Support after a trial

Once you have given evidence or the trial has ended, there may be a variety of feelings and emotions that you might experience, such as relief, upset, anxiety or anger.

For victims of a crime, a ‘not guilty’ or ‘not proven’ verdict can be hard to come to terms with. You might find that you go over things that happened in the incident or trial in your mind. You might also find yourself spending time wondering what happens next – in or out of court.

If you’re experiencing any feelings or emotions like those described above or if you just don’t know what to think, then don’t worry. The way you are reacting is normal, especially after something as important (and possibly upsetting) as a court case.

After the trial, someone from the Procurator Fiscal’s office might get in touch to let you know how the trial concluded. You can always contact either the Procurator Fiscal’s office or the court and ask for the Criminal Desk if you wish to know the outcome. Please be aware that you will be asked for your name, address and possibly date of birth as well as the name of the accused and trial date before any information is given out.
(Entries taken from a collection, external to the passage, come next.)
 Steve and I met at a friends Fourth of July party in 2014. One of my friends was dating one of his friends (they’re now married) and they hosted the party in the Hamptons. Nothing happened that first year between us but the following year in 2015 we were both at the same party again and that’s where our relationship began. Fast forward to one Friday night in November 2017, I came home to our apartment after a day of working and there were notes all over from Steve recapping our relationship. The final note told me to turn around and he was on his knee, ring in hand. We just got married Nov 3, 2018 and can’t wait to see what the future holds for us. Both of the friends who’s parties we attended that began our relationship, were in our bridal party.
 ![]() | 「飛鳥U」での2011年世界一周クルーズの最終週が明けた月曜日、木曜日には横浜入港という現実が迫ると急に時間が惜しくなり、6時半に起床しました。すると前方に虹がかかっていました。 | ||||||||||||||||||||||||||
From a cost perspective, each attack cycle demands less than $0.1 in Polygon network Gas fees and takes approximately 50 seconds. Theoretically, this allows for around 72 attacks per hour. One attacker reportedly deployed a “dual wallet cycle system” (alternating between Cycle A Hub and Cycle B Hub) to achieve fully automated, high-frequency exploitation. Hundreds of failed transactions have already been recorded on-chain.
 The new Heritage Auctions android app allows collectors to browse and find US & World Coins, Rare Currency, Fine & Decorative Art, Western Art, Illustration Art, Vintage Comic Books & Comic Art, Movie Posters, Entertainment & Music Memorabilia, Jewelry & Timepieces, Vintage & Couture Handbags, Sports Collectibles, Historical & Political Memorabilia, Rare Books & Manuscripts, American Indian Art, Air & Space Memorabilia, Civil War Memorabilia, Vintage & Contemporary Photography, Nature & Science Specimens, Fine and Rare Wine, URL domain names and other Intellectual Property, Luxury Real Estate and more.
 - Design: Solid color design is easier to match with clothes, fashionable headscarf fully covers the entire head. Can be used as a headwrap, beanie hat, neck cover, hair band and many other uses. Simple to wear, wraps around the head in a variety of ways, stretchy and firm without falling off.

It’s perfectly fine and understandable if you don’t want to know the verdict.

Victim Support Scotland can support you after a trial to inform you of your rights and empower you to move forward with your life.
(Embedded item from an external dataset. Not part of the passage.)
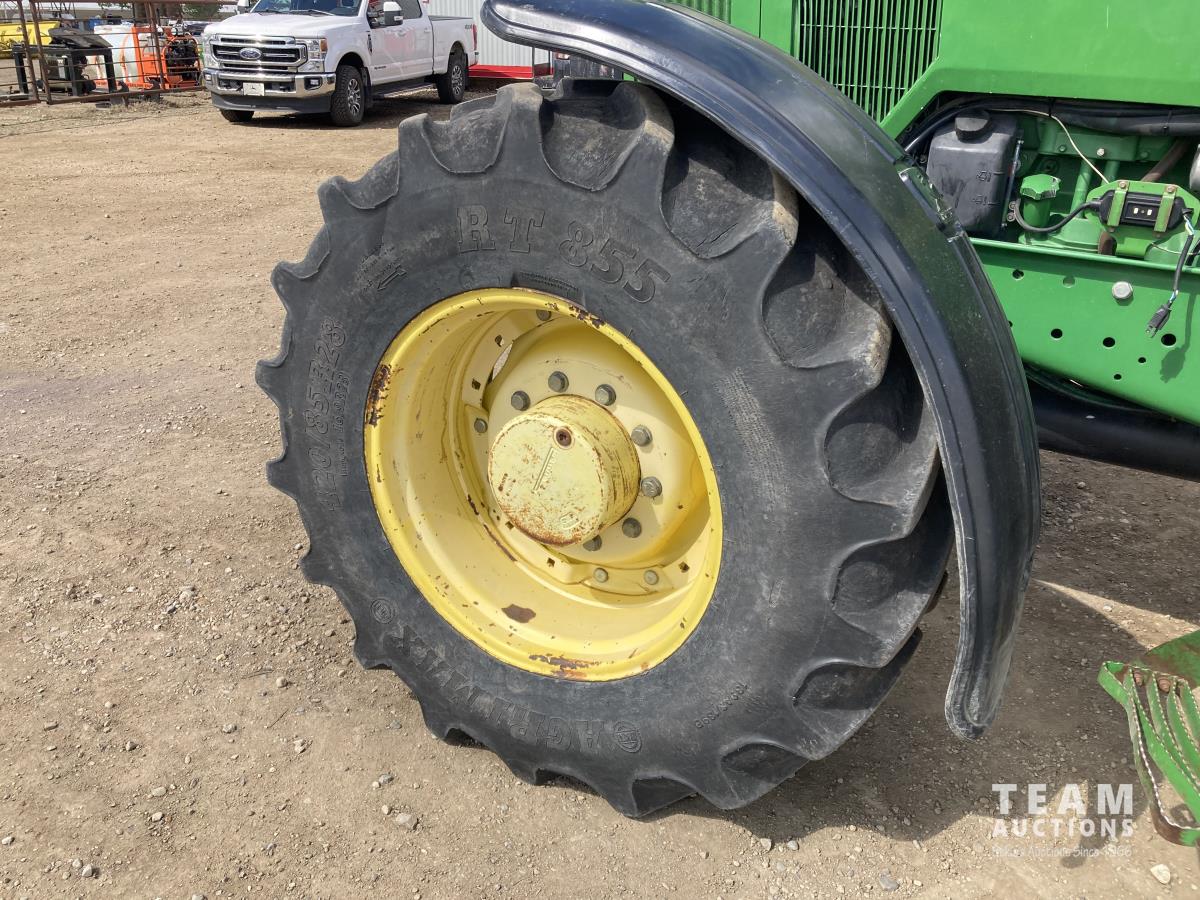 8.1 L 155 HP, diesel engine, 135 PTO HP, 16 speed partial power shift transmission, cab, ROPS, rear differential lock, A/C, 12 front weights, 540/1000 PTO, 3 point hitch exterior control, 4 rear hydraulic outlets, 420/85R28 front tires, 520/85R38 rear tires
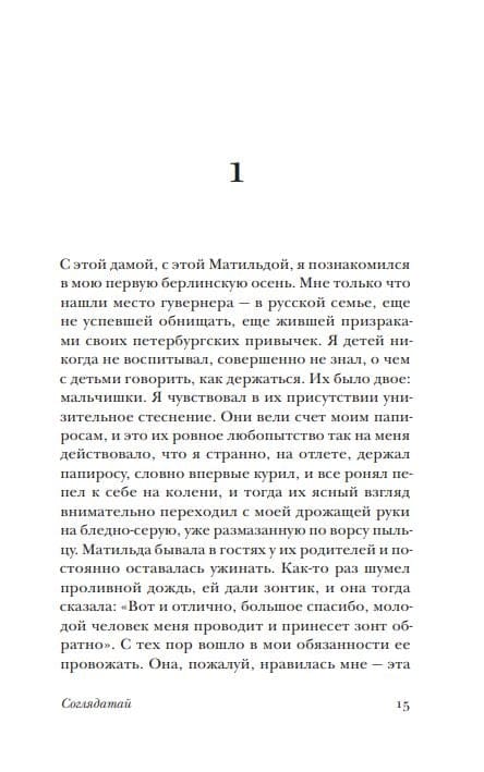 Написанный в Берлине «‎Соглядатай»‎ (1930) — одно из самых загадочных и остроумных русских произведений Владимира Набокова, в котором проявились все основные оригинальные черты зрелого стиля писателя. По одной из возможных трактовок, болезненно самолюбивый герой этого метафизического детектива, оказавшись вне привычного круга вещей и обстоятельств, начинает воспринимать действительность и собственное «‎я»‎ сквозь призму потустороннего опыта. Реальность больше не кажется незыблемой, возможно потому, что «‎все, что за смертью, есть в лучшем случае фальсификация, — как говорит герой набоковского рассказа «‎Terra Incognita»‎, — наспех склеенное подобие жизни, меблированные комнаты небытия»‎.

First and foremost, we will listen to you and allow you the time to talk about your experiences. You will provide you with a trained supporter who has experience dealing with such cases and who can offer nonjudgmental support. We can provide practical help and information to guide your next steps, such as the Victim Notification Scheme.

Our service is independent, free and confidential*, so we will not discuss personal details with anyone else without permission.

*We will need to alert someone else if there is a safeguarding issue or a risk to others.